We build a community focused on sustainable driving and energy transition

• 389,007 active customers (+61.9% vs. Q1 2023) charged their cars 1.25 million times (+44.4% vs. Q1 2023) on Fastned's network.
• More people choose Fastned as a sustainable investment. In January 2024, Fastned raised €24.4 million in new bonds and €3.5 million in extended bonds.
• Fastned announced signing a partnership with the international lease company Arval. This new partnership will secure a smooth charging experience for hundreds of thousands of EV drivers across Europe.
• At the end of 2023, Fastned signed its first multi-year Corporate Power Purchase Agreement (CPPA) in the Netherlands with GLP, a leading global logistics and data centre real estate developer, with a strong focus on renewable energy.
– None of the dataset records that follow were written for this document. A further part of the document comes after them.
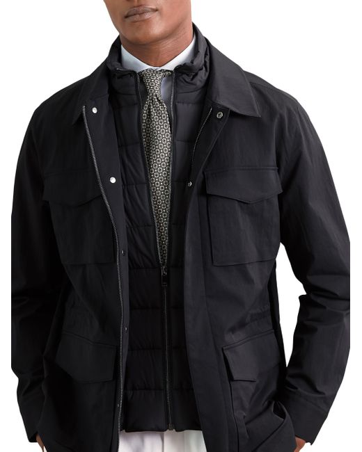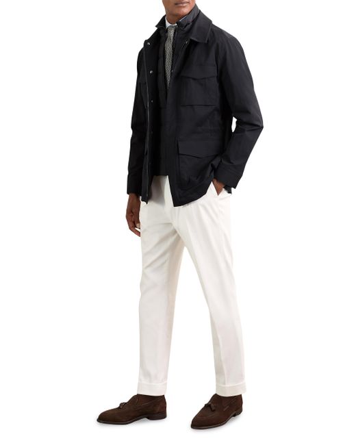 The Bryson Safari jacket from Reiss features a four-pocket design with an internal vest. This jacket is fully lined and includes a snap-button storm placket. Spread collar Long sleeves Four flap pockets Front zip closure, snap-button storm placket 96% polyamide/4% elastane Lining: 100% polyester Dry clean Imported SIZE & FIT About 30.25" from shoulder to hem Model measurements: 6'2" tall, 40" chest, 31" waist Model is wearing a US size Medium. Mens Modern Coll & Outer - Modern Collections > Reiss > Saks Fifth Avenue. Reiss. Color: Navy. Size: Small.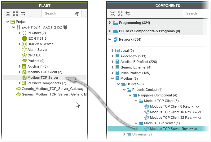 The Modbus/TCP local server appears under the Modbus TCP Server node in the PLANT after you have added the Modbus TCP server device via drag & drop from the COMPONENTS area.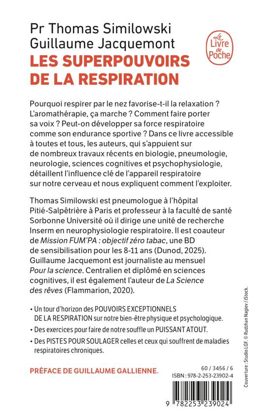 Pourquoi respirer par le nez favorise-t-il la relaxation ? L’aromathérapie, ça marche ? Comment faire porter sa voix ? Peut-on développer sa force respiratoire comme son endurance sportive ? Dans ce livre accessible à tous, les auteurs, qui s’appuient sur de nombreux travaux récents en biologie, pneumologie, neurologie, sciences cognitives et psychophysiologie, détaillent notamment l’influence clé de l’appareil respiratoire sur notre cerveau.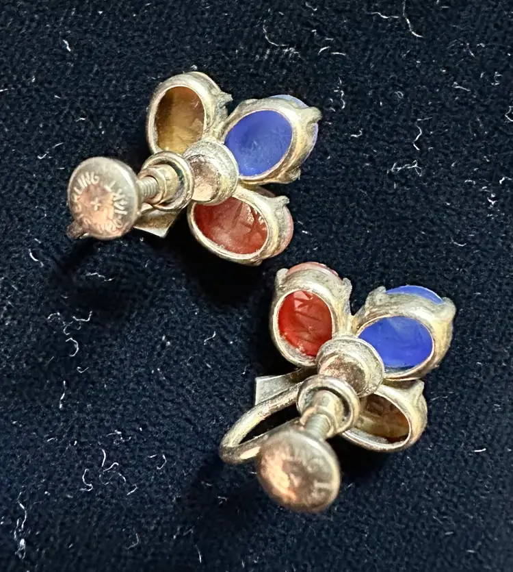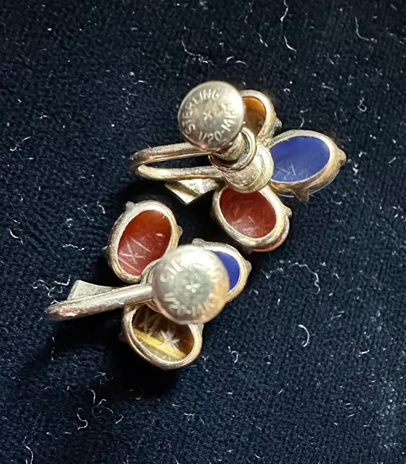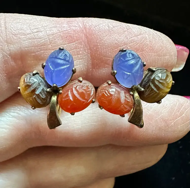 Pretty pair of 3 leaf clover scarab earrings. They are sterling w/ gold Wash set with carved semi precious stones. They measure 3/4”. Very good condition.

The delivery of the energy commenced in February 2024.

Looking ahead

• The charging market is going through a transition phase. Whilst the EU Commission is drafting a proposal to accelerate the transition of companies' car fleets to EVs, governments are reassessing their approach to sustainable mobility given its growing scale and maturity and are moving from subsidy schemes in the initiation phase to norm-based incentive systems. This causes some volatility in EV sales in the short term. The European elections provide an opportunity for further acceleration of the electric transition.
• Despite facing challenges in certain markets, we are confident in the continued accelerated growth of the charging market. One of the reasons is the long-term belief in EVs as a more sustainable and advanced technology compared to the internal combustion engine. The ongoing improvements in battery prices and technology are closing the price gap between fossil cars and EVs at or beyond price parity, significantly accelerating the transition to electric mobility. The main driver of our charging market is the rapid growth of the EV fleet on Europe's roads. Prospects for sales in 2024 and beyond remain positive as EV fleet penetration is expected to more than double by 2026 and increase five-fold by 2030.
• Ambitious and sound regulations to build the charging infrastructure are crucial in accelerating the transition. The AFIR3 is already leading to more charging infrastructure along European motorways. This is supplemented with initiatives on a more local basis by municipalities or local governments thinking about how to develop the needed charging infrastructure. Fastned continues to support such initiatives and in doing so advocates for open and competitive tenders to realise this infrastructure.
• Some delays in large tenders last year, in combination with grid congestion challenges, will impact our building pace in 2024. However, the 52 signed locations in the first quarter of 2024 provide the basis for the desired construction pace of 100+ locations per year. With our secured pipeline hitting 483 locations, the construction pace in 2025 will be higher, and our network will reach 420 to 450 stations operational by year-end.
• Fastned continues to invest in growing its team of talented people as we continue to expand our network and grow our company. We expect to double the organisation over the next two years. These people will use their talents and creativity to grow the company and reach the milestone of 1,000 stations in 2030.

Our guidance:

• Network growth
- 335 to 350 stations operational by year-end 2024
- 420 to 450 stations operational by year-end 2025
- Target of 1,000 stations before 2030
• Financial performance
- Revenue per station >€400k in 2025 and >€1m in 2030
- Operational EBITDA margin >40% by 2025
- Underlying company EBITDA positive in 2024

About Fastned
Fastned is on a mission to accelerate the transition to electric mobility. Since 2012, we've been at the forefront of European charging infrastructure development, building and operating a rapidly growing network of iconic fast charging stations. Our yellow, nature-inspired stations create a welcoming environment for drivers during the 15 minutes it takes to charge up to 300 km of range. By offering Europe's most reliable, convenient, and joyful charging experience, we aim to inspire millions to drive on solar and wind energy so that together we can curb climate change. Fastned is listed at Euronext Amsterdam (AMS: FAST).